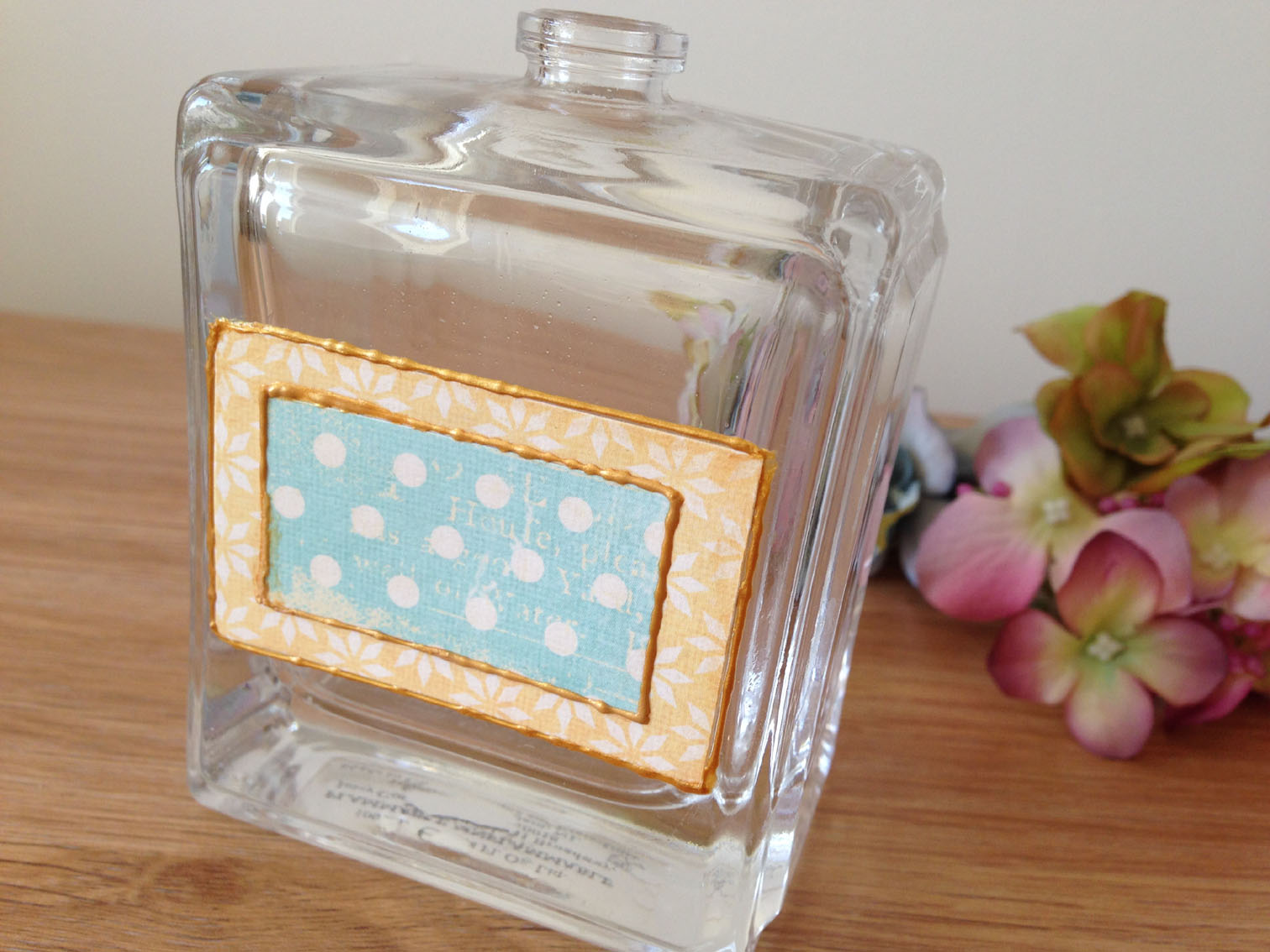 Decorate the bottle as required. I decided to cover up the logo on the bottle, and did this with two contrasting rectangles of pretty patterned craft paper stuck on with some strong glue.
···
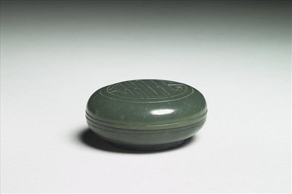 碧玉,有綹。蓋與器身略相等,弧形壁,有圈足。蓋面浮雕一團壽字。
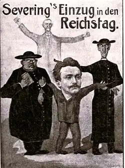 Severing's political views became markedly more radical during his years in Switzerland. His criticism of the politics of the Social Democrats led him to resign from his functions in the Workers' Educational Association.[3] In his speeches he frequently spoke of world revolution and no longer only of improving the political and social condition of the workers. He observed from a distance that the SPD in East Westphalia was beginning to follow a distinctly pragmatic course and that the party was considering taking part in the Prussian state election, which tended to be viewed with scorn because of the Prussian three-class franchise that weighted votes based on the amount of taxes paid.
···
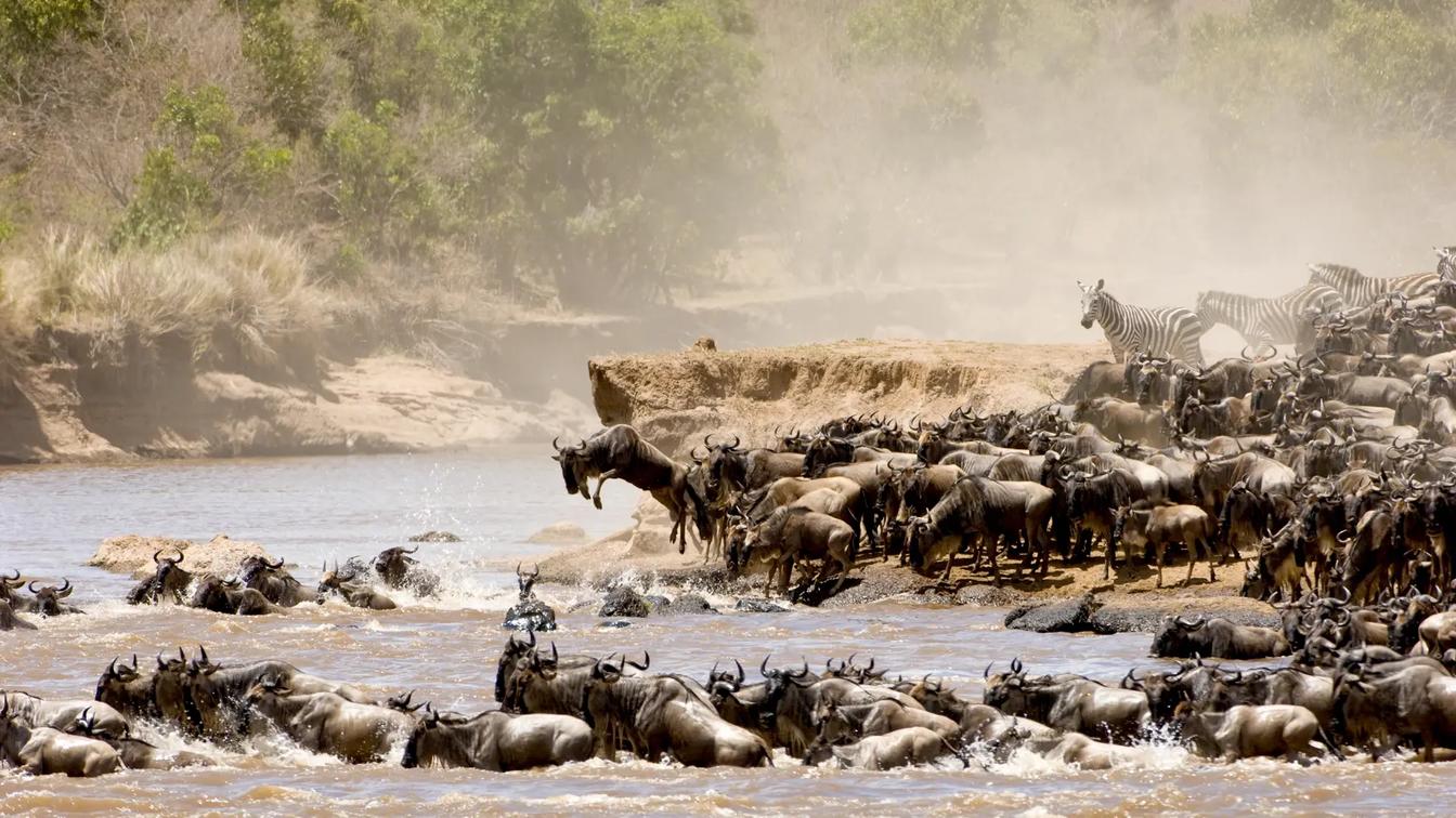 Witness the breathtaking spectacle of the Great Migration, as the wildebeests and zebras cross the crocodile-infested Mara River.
···
→ Goal of the exercise
Only the lines above from the one with "碧玉,有綹。蓋與器身略相等,弧形壁,有圈足。蓋面浮雕一團壽字。" to the one with "Severing's political views" should be printed, both included and exactly as written; no picture belongs in the copy.

→ Output for this task
 碧玉,有綹。蓋與器身略相等,弧形壁,有圈足。蓋面浮雕一團壽字。
 Severing's political views became markedly more radical during his years in Switzerland. His criticism of the politics of the Social Democrats led him to resign from his functions in the Workers' Educational Association.[3] In his speeches he frequently spoke of world revolution and no longer only of improving the political and social condition of the workers. He observed from a distance that the SPD in East Westphalia was beginning to follow a distinctly pragmatic course and that the party was considering taking part in the Prussian state election, which tended to be viewed with scorn because of the Prussian three-class franchise that weighted votes based on the amount of taxes paid.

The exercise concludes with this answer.